British navigator, explorer and fur trader (c. 1756 – 1809)

John Meares (c. 1756 – 1809) was an Irish navigator, explorer, and maritime fur trader in service of Great Britain during the late 18th century. He is best known for his voyages to the Pacific Northwest; and from his base in Canton (modern day Guangzhou) he was deeply involved in organising a private network of British trade in China and the wider Pacific outside of the monopoly of the East India Company. His activities precipitated the Nootka Crisis, which brought Britain and Spain to the brink of war. He is also known for his early efforts to open up trade between feudal Japan and Great Britain.

==Career==
Meares' father was Charles Meares, "formerly an attorney of great eminence, and for several years pursuivant of his Majesty's Court of Exchequer in Dublin". In 1771, Meares joined the Royal Navy as a captain's servant and was commissioned a lieutenant in 1778. In 1783 he joined the merchant service and in 1785, based in India, formed the Northwest America Company for collecting sea otter furs by trade with the indigenous peoples of the Pacific Northwest Coast and selling them in China. The East India Company held a monopoly on British trade in the Pacific and required all British traders to be licensed with the company and pay duties. Meares did not license his ships with the East India Company and instead tried to conceal the illegal activity by using the flag of Portugal. Meares registered his ships in Macau, a Portuguese colony in China. Non-British ships were not required to have licences from the East India Company.
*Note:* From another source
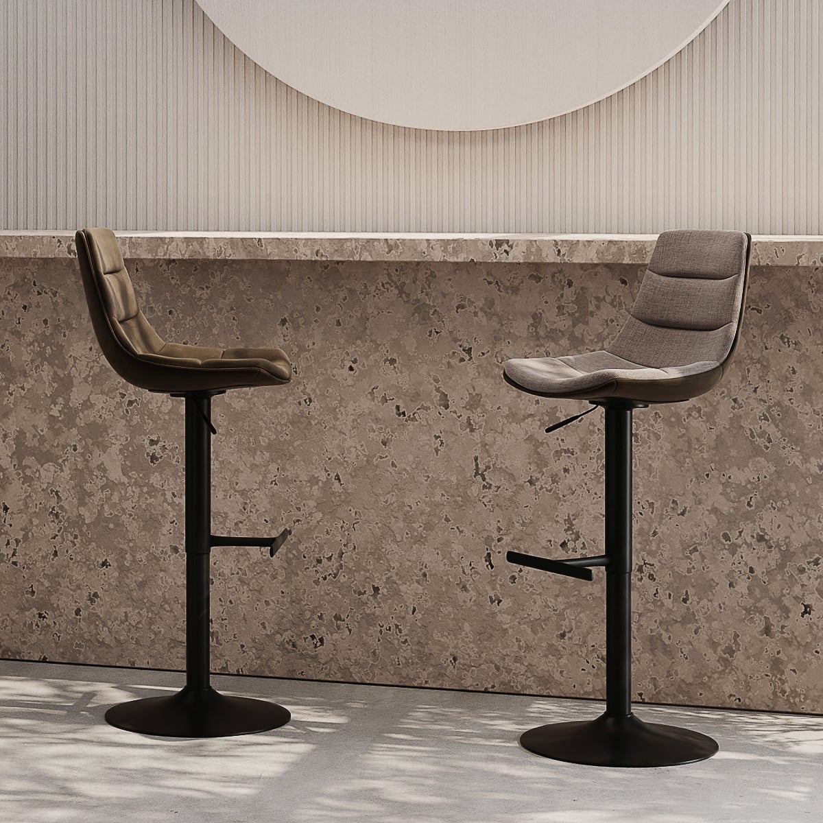 Mit seinem eleganten und unglaublich bequemen Stoff in Hellgrau ist dieser Hocker die ideale Wahl für alle, die gerne viel Zeit im Sitzen verbringen. Ausgestattet mit einem Trompetenfuß aus grob pulverbeschichtetem Metall in edlem Mattschwarz, verleiht der Barhocker jedem Raum eine moderne Note. Über die Gasdruckfeder im Handumdrehen auf die gewünschte Höhe einstellbar, wird er zum perfekten Begleiter für Bar und Küchentresen. Diese Barhocker überzeugen nicht nur durch ihr exquisites Design, sondern sind dank FSC™-Zertifizierung auch besonders umweltverträglich.

He sailed from Calcutta on 12 March 1786, in the Nootka, a vessel of 200 tons (bm), with which he explored part of the coast of Alaska. He spent the winter of 1786–1787 in Prince William Sound with poor provisions; his men suffered from the weather and scurvy. Twenty-three of his men died of scurvy and the remaining ten were saved only by the timely arrival of Captain George Dixon, a British trader with proper licences, in the Queen Charlotte. Meares gave Dixon his bond never to trade in the Northwest again, and returned to China by way of the Sandwich Islands. Showing no gratitude to Dixon, Meares proceeded to sue him for allegedly overcharging him for the supplies that saved his life.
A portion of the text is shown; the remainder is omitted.